In many ways Wenger is to blame for some of Giroud’s failings. The lack of activity in the transfer market has heaped more responsibility on the Arsenal forward’s broad shoulders and this in turn could well be a factor in his recent below par performances.
Some would argue that a striker signing may have led Giroud to feel his place was under threat, that his importance to the team would have been questioned, however I’d argue that bringing in some very able support would have freed the Arsenal man from his shackles a little bit.
The pressure is certainly on Giroud and in recent weeks he’s been found wanting.
Giroud is never going to have a killer instinct in front of goal and in many ways having a big strong forward leading the Arsenal line doesn’t really fit Wenger’s style and footballing ethos. He’s very much a square peg that has been hammered into a round hole, this again down to the manager’s stubborn refusal to sign a ’round peg’ in January or indeed last summer.

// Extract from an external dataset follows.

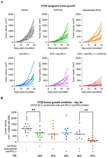 OATD-02 shows superior efficacy in the CT26 tumour model when combined with immune checkpoint inhibitor (anti-PD-L1 antibody) and IDO inhibitor (epacadostat). (A)—BALB/c mice were inoculated with CT26 cells and upon 24 h dosed with OATD-02 (50 mg/kg, PO, BID) or epacadostat (30 mg/kg, PO, BID) till the end of the experiment; anti-PD-L1 antibody was administered at 2.5 mg/kg (IP, QD at days: 8, 10, 12, 14 and 16); (B)—final measurements of tumour volumes were taken at day 24 post-inoculation and TGI was calculated (** 0.0042 < p < 0.0060, U Mann–Whitney test).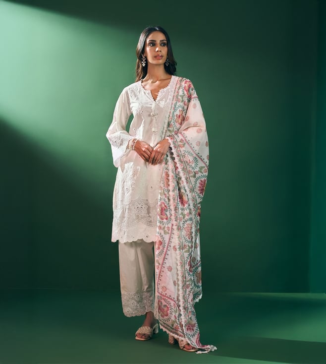 Off White Supima Cotton Kurta with Pant & Dupatta

Clearly Wenger’s cause has not been helped by the injury and form issues suffered by Theo Walcott and Lukas Podolski, two players of obvious quality, but the fact that the Frenchman was left having to usher Nicklas Bendtner back into the fold must surely have led to alarm bells ringing in the manager’s head?
If Arsenal do fail to end their silverware drought this season then it will be down mainly to Wenger’s insistence on not signing a striker which in turn has laid bare all of Giroud’s obvious shortcomings.
Giroud, nice guy but an average striker.